Saint Name: St Arsenius the Great
Place: Rome
Birth: 350
Death: 445
Feast: July 19
St Arsenius the Great who was born on 350 in Rome was a Roman imperial tutor who became an anchorite in Egypt, one of the most highly regarded of the Desert Fathers, whose teachings were greatly influential on the development of asceticism and the contemplative life.
Arsenius studied with St. John the Dwarf and became a hermit in the desert of Egypt. In 434, he left Skete and went to the rock of Troe, near Memphis, Egypt, and to the island of Canopus near Alexandria.
Sometime around the year 400 he joined the desert monks at Scetes, Egypt, and asked to be admitted among the solitaries who dwelt there. Saint John the Dwarf, to whose cell he was conducted, though previously warned of the quality of his visitor, took no notice of him and left him standing by himself while he invited the rest to sit down at the table. When the repast was half finished he threw down some bread before him, bidding him with an air of indifference eat if he would. Arsenius meekly picked up the bread and ate, sitting on the ground. Satisfied with this proof of humility, St. John kept him under his direction. The new solitary was from the first most exemplary yet unwittingly retained certain of his old habits, such as sitting cross-legged or laying one foot over the other. Noticing this, the abbot requested some one to imitate Arsenius's posture at the next gathering of the brethren, and upon his doing so, forthwith rebuked him publicly. Arsenius took the hint and corrected himself.
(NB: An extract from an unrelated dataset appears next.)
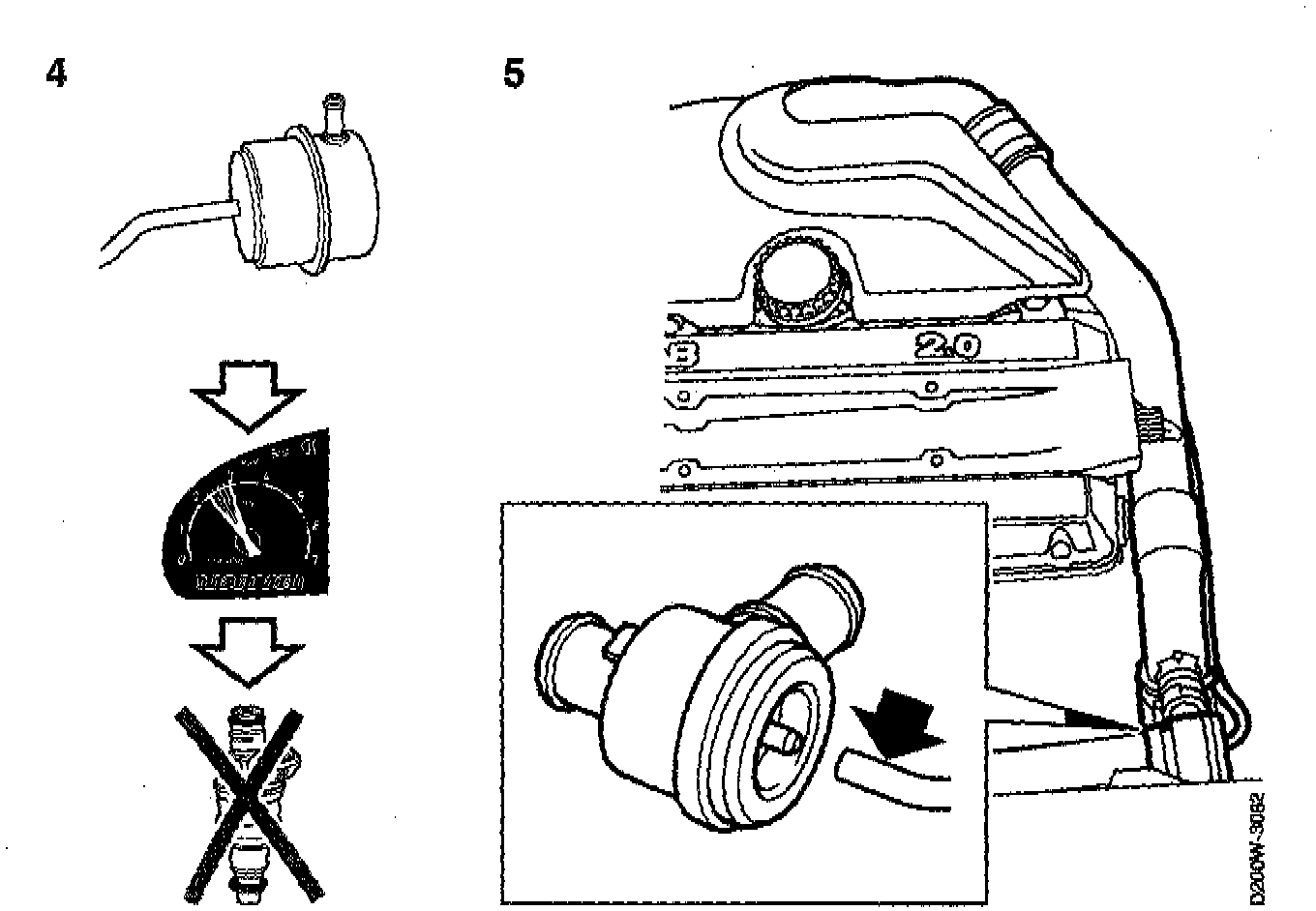 Disconnect the hose to the wastegate. At wide open throttle, the pressure switch function must operate before approx. 3000 rpm. If so, faults in the above system can probably be ruled out. Activate "RESET BOOST PRESSURE" with an ISAT after this test.

During the fifty-five years of his solitary life, he was always the most meanly clad of all, thus punishing himself for his former seeming vanity in the world. In like manner, to atone for having used perfumes at court, he never changed the water in which he moistened the palm leaves of which he made mats, but only poured in fresh water upon it as it wasted, thus letting it become stenchy in the extreme. Even while engaged in manual labor he never relaxed in his application to prayer. At all times copious tears of devotion fell from his eyes. But what distinguished him most was his disinclination to all that might interrupt his union with God. When, after a long search, his place of retreat was discovered, he not only refused to return to court and act as an adviser to his former pupil, now Roman Emperor, Arcadius, but he would not even be his almoner to the poor and the monasteries of the neighborhood. He invariably denied himself to visitors, no matter what their rank and condition and left to his disciples the care of entertaining them. A biography of Arsenius was written by Theodore the Studite.
Saint Arsenius was a man who was very quiet and often silent, as evidenced by an adage of his: “Many times I spoke, and as a result felt sorry, but I never regretted my silence.”